淳于澈就跟个透明人似的,看着丫鬟对未来主母一顿粗暴,却并不伸手阻拦。
“就是因为有你这样纵容的主子,才有这样任性的奴婢!你为什么不说话?是不是知道自己错了?”卫初晴敲着饭碗,质问着淳于澈,想到昨晚两人同塌而眠,也是有交情的,居然眼睁睁地看着她挨揍,实在是薄情寡义!
果然男人下了床,就是根木棍,欠砍!
淳于澈舀了勺蛋花粥,一直默不吭声,必然是理屈词穷了!
“哼!还以为是个前途无量的人才,现在我改变想法了,她就是个母大虫!这样的丫鬟,谁要她就是找气受!”卫初晴搅着汤勺,小声地怨念道,盯着淳于澈,腮帮子一鼓一鼓,不满他的忽视。
这人吃相很斯文,像受过专门的礼仪教导,场面上走得出去,就是容易胃疼。
她眼皮子一跳,似乎想到了什么鬼主意,嘴角忽然坏坏地扯了一下,这时淳于澈已经吃完了,顺手放下碗,打算去取袖子里的巾帕。
“王爷,你吃那么点就饱了么?”一个娇滴滴的撒娇声吹入了他的耳窝。
这时他的肩膀爬上了一只贼手,一个娇软的身子贴着他的手肘,滑到他另一个臂弯处,只要一个低眉,就能望入那双春波徐徐的眼睛。

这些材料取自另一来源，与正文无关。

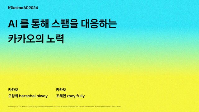 - 카카오에서 스팸 차단 AI를 연구하는 Zoey입니다. LLM으로 안전한 디지털 환경을 만들고자 합니다.

淳于澈,本小姐不信你是柳下惠!等我把你的衣服脱得一丝不挂,再甩了你逃之夭夭。
卫初晴心怀不轨,模仿着从前看到的调情场面,也不预备一下,实地演习了起来。
她双手按着淳于澈的肩上的麻穴,让他又酥又麻,心道:看你还敢不敢给我冷脸子?
淳于澈胸口起了一阵热意,有些慌急,好似手里捧着一个烫手山芋,想要丢开。可心跳加速的同时,又有股异样的滋味停留在喉口,让他迟疑不定。
呲!他的衣服被扒下了肩膀,一双柔软的手沿着硬朗的肩线一直滑到平滑的胸膛,她已经开始脱他的外衫了。
淳于澈不喜欢女人的靠近,可忍不住去看靠在自己臂弯的卫初晴,黑色的眸子划过淡淡的笑意。
他想起火场外,她遍体鳞伤,依旧闪亮的眼睛,竹林中,她飞舞红绫,俏皮灵动的眼神,她大胆,飞扬,热情,坚强……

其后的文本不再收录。